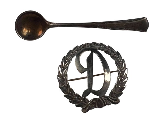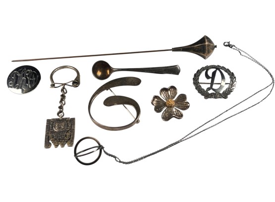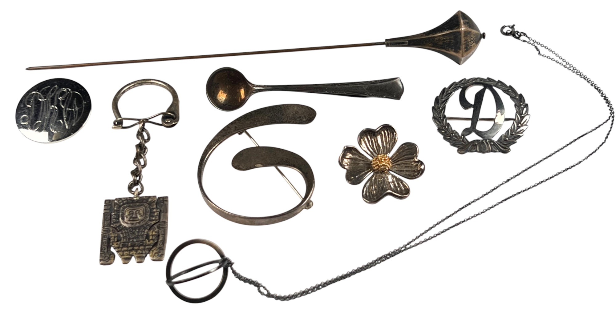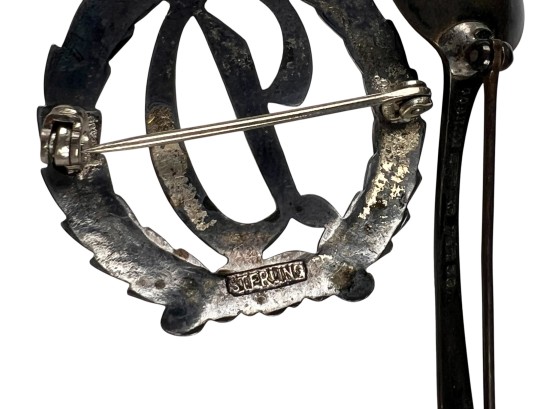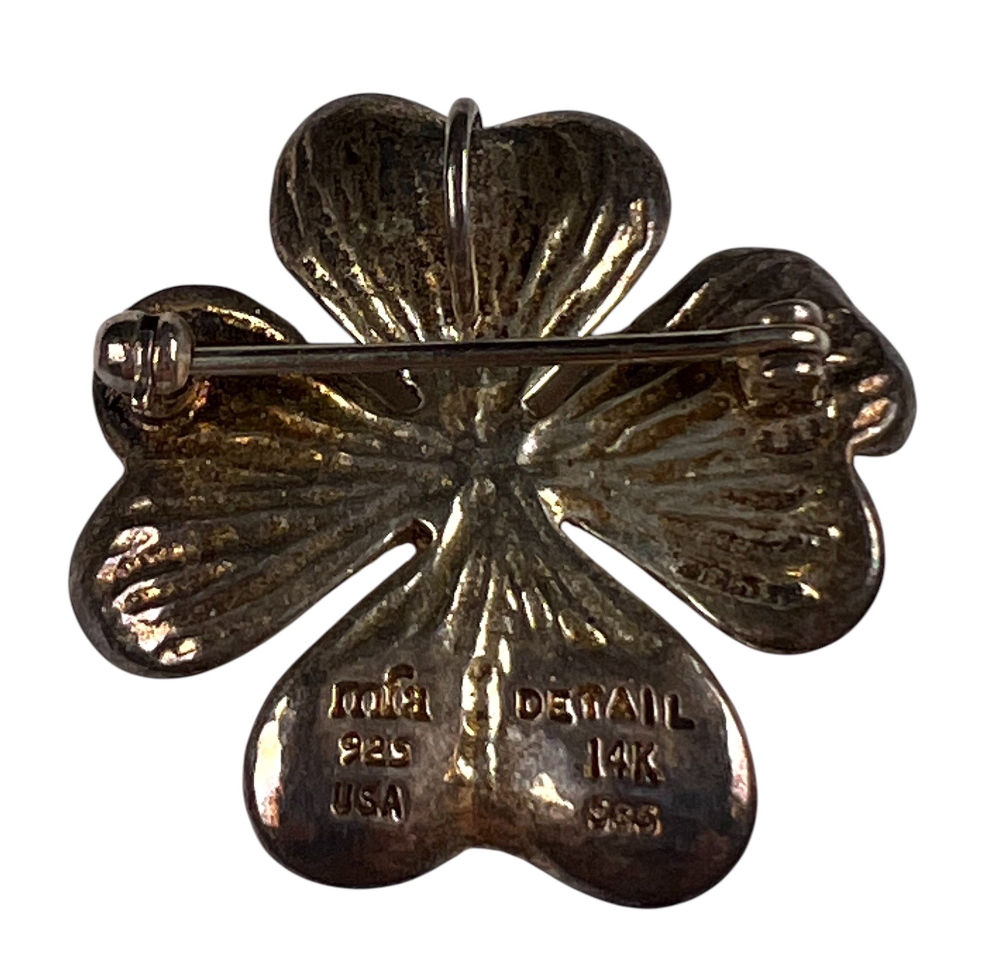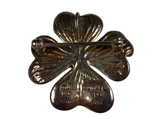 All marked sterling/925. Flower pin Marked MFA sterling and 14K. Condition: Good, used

= = =

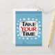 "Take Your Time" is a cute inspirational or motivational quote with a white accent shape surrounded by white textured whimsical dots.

= = =

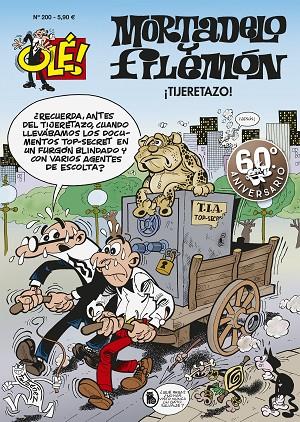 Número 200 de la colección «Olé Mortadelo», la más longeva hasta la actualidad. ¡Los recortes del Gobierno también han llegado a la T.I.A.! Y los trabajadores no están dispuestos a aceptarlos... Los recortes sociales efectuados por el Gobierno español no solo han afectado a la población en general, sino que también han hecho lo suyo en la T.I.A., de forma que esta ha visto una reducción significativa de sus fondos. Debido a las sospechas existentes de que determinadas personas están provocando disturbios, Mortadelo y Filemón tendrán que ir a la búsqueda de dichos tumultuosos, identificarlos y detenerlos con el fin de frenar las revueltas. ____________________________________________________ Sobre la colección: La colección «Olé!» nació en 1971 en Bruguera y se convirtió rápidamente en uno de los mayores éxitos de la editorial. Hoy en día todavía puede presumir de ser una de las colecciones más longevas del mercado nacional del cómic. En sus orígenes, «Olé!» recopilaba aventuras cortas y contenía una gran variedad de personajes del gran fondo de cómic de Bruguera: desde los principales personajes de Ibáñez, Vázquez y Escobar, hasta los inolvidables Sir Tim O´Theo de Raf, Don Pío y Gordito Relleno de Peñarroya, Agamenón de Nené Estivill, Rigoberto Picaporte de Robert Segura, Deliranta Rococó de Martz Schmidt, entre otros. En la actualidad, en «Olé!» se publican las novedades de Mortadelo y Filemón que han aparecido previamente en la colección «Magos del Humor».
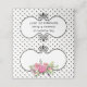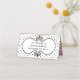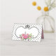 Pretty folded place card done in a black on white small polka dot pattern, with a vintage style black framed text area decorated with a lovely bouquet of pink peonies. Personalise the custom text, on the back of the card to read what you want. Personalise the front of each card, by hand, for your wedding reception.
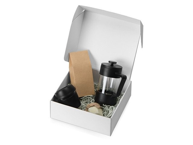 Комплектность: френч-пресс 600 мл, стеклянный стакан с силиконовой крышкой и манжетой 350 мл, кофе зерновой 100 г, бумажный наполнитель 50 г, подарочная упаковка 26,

= = =

* _WHAT IS NEEDED_
Copy needed, without pictures: the lines of the listing above from the line containing "Pretty folded place" up to and including the line containing "Комплектность: френч-пресс 600", set down exactly.

* _TASK RESULT_
 Pretty folded place card done in a black on white small polka dot pattern, with a vintage style black framed text area decorated with a lovely bouquet of pink peonies. Personalise the custom text, on the back of the card to read what you want. Personalise the front of each card, by hand, for your wedding reception.
 Комплектность: френч-пресс 600 мл, стеклянный стакан с силиконовой крышкой и манжетой 350 мл, кофе зерновой 100 г, бумажный наполнитель 50 г, подарочная упаковка 26,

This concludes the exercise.